Using these rules, we see that we must make 99225 using a row, column, or diagonal that contains at least two 5’s, one 7, one 9, and no 2’s, 4’s, 6’s, or 8’s. This is enough information to start looking for a solution on the board, and we haven’t done any long division!

Tip 2: Focus on 5 and 7

We now know to find 99225 by looking for runs of numbers that don’t contain any 2’s, 4’s, 6’s, or 8’s but do contain 3’s, 5’s, 7’s, and 9’s.

However, that task can still be difficult because a 9 may be represented as a combination of 3’s and/or 6’s in addition to being represented as 9. For example, 3 * 3, 3 * 6, and 6 * 6 all contain a 9. Similarly, if a target number contains an 8, its solution on the board might not include an 8 because 2 * 2 * 2, 6 * 4, etc. all contain 8s.

For this reason, a good approach is to look for 5’s and 7’s first.

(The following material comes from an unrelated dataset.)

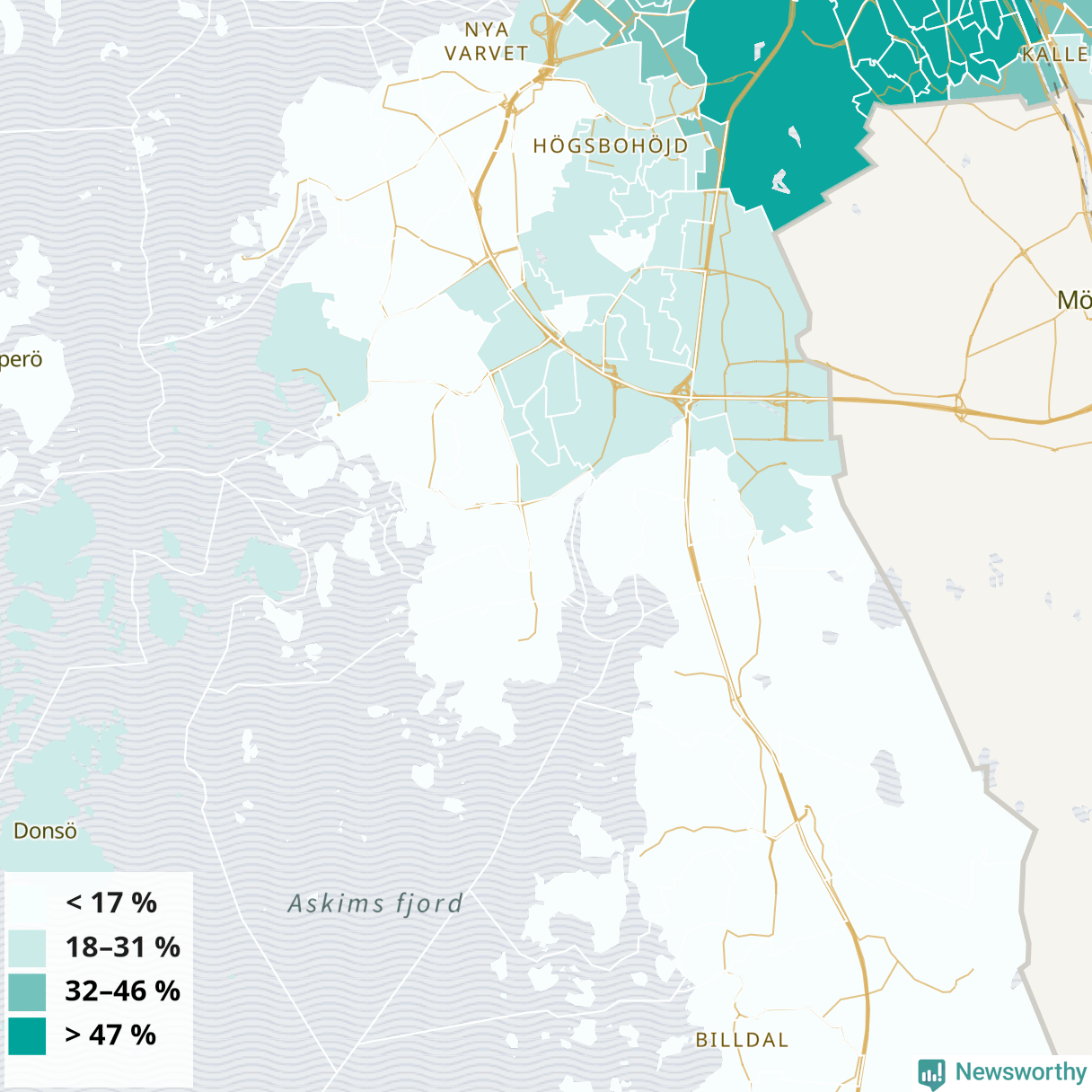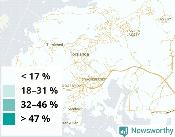 | Mölndal | 24 % | 27 % | 21 % | Delar av Toltorp (46 %) |

Because the set of numbers from 1 to 9 only has one number that contains 5 (5) and one number that contains 7 (7), if a target number contains a 5 or 7, then its solution on a Factor Find board will include a 5 or 7.Similarly, if a target number doesn’t contain 5 or 7, a good first step is to look for runs of numbers without a 5 or 7.

Tip 3: Minimum Length Rule

Using the first two tips, we can narrow down the possible solutions to 99225 to three runs of numbers on the board:

At this point, it would be okay to start swiping and guess all three possibilities until you get the right one. However, we can use one more strategy to avoid guessing.

99225 is a large number, so a lot of numbers have to be multiplied together to make it… more than just two 5’s, a 7, and a 9. More specifically, there must be one number in the solution for each digit in the target number.

Even more specifically, the biggest number we could make on a Factor Find board with five numbers is only 9^5 = 59049, so the solution to 99225 actually must contain at least six numbers. Additionally, we don’t count 1’s because multiplying a number by 1 doesn’t change it.

Here is the biggest number we can make on a Factor Find board with each amount of numbers (not including 1’s):

• 1: 9^1 = 9 (~10)
• 2: 9^2 = 81 (~100)
• 3: 9^3 = 729 (~1,000)
• 4: 9^4 = 6,561 (~10,000)
• 5: 9^5 = 59,049 (~100,000)
• 6: 9^6 = 531,441 (~1,000,000)
• 7: 9^7 = 4,782,969 (~10,000,000)

You don’t have to remember all of those numbers to play Factor Find. The main takeaway from this is that very big numbers are actually very easy to find because they take up almost the entire row, column or diagonal. This means that knowing a little information about a number is often enough to eliminate all but one or two rows as possibilities without doing long division.

Conclusion

Using the Minimum Length Rule, we can see that 99225 must be made with at least six numbers (not counting any 1s).

Of the three remaining candidates, only one has at least six numbers. So, we can find 99225 without guessing or doing too much mental math!

Hopefully these tips will make playing Factor Find more fun and rewarding. Enjoy!